In [29]:
import seaborn as sns
import pandas as pd 
import re
DATA_ROOT = 'data'

# Big Data Bowl 2022

In this notebook, I will practice basic expoloratory data analysis (EDA) skills and compare them to gold medal submitted notebooks. This repo will serve as a sandbox area to develop on and research EDA concepts

The goal is to generate actionable, practical, and novel insights from player tracking data that corresponds to special teams play. There are several potential topics cited. These include, but are not limited to:

1. Create a new special teams metric. The winning algorithm from the 2020 Big Data Bowl has been adopted by the NFL/NFL Network for on air distribution, and we are hopeful that there could be a new stat for special teams plays that could come from this year’s competition

2. Quantify special teams strategy. Special teams’ coaches are among the most creative and innovative in the league. Compare/contrast how each team game plans. Which strategies yield the best results? What are other strategies that could be adopted?

3. Rank special teams players. Each team employs a variety of players (including longsnappers, kickers, punters, and other utility special teams players). How do they stack up with respect to one another?
The above list is not comprehensive, nor is it meant to be a guide for participants to cover. We are open to all special teams related ideas in this year’s competition.

The winning presentation was on creating the optimal path for special teams punt returners to follow

## Exploratory Data Analysis

### Loading Data and Initial Impressions

First, we read in our data

In [30]:
games = pd.read_csv(f'{DATA_ROOT}/games.csv')
plays = pd.read_csv(f'{DATA_ROOT}/plays.csv')
players = pd.read_csv(f'{DATA_ROOT}/players.csv')
tracking_2018 = pd.read_csv(f'{DATA_ROOT}/tracking2018.csv')
tracking_2019 = pd.read_csv(f'{DATA_ROOT}/tracking2019.csv')
tracking_2020 = pd.read_csv(f'{DATA_ROOT}/tracking2020.csv')
scouting = pd.read_csv(f'{DATA_ROOT}/PFFScoutingData.csv')

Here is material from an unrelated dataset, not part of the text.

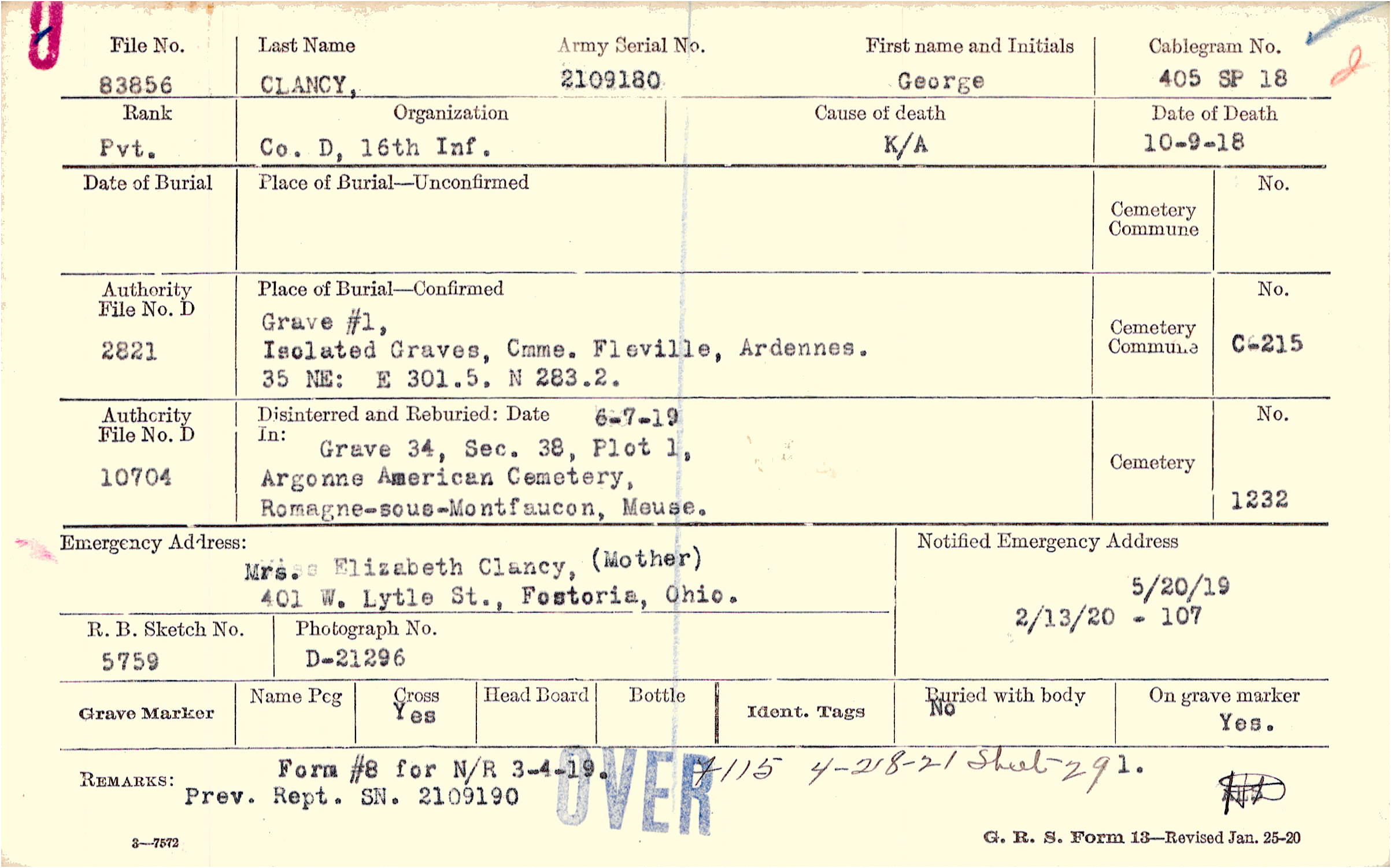 Mrs. Elizabeth Clancy, (Mother), 401 W. Lytle St., Fostoria, Ohio.

Now, let's get a rough idea of what the data each look like. We will also display the MetaData for each dataset straight from https://www.kaggle.com/competitions/nfl-big-data-bowl-2022/data

**Game data**

`gameId`: Game identifier, unique (numeric)

`season`: Season of game

`week`: Week of game

`gameDate`: Game Date (time, mm/dd/yyyy)

`gameTimeEastern`: Start time of game (time, HH:MM:SS, EST)

`homeTeamAbbr`: Home team three-letter code (text)

`visitorTeamAbbr`: Visiting team three-letter code (text)

In [None]:
def camel_to_snake(name):
    s1 = re.sub('(.)([A-Z][a-z]+)', r'\1_\2', name)
    return re.sub('([a-z0-9])([A-Z])', r'\1_\2', s1).lower()

games = games.rename(columns={
    'homeTeamAbbr' : 'home',
    'visitorTeamAbbr' : 'away'
})

games.columns = [camel_to_snake(col) for col in games.columns]

games['game_date'] = pd.to_datetime(games['game_date'])
games['game_time_eastern'] = pd.to_datetime(games['game_time_eastern'])
games['home'] = games['home'].astype(str)
games['away'] = games['away'].astype(str)

display(games.head())
print(games.dtypes)
print(games.isnull().sum())

Unnamed: 0,game_id,season,week,game_date,game_time_eastern,home,away
0,2018090600,2018,1,2018-09-06,2024-07-10 20:20:00,PHI,ATL
1,2018090900,2018,1,2018-09-09,2024-07-10 13:00:00,BAL,BUF
2,2018090901,2018,1,2018-09-09,2024-07-10 13:00:00,CLE,PIT
3,2018090902,2018,1,2018-09-09,2024-07-10 13:00:00,IND,CIN
4,2018090903,2018,1,2018-09-09,2024-07-10 13:00:00,MIA,TEN


game_id                       int64
season                        int64
week                          int64
game_date            datetime64[ns]
game_time_eastern    datetime64[ns]
home                         object
away                         object
dtype: object
game_id              0
season               0
week                 0
game_date            0
game_time_eastern    0
home                 0
away                 0
dtype: int64


So games is just the schedule, we can see that the team location abbreviations are used - we may later want to have these replaced by full team names. The strings and datetimes are treated as objects which can cause problems so we will change those. No null values and thus nothing needs to be done there. Finally we rename some columns for convenience

We can see how special teams performance changes overtime, but as a standalone this data set does not provide much for our intial discovery

Let's follow a similar process for other data sets

#### Play Data

`gameId`: Game identifier, unique (numeric)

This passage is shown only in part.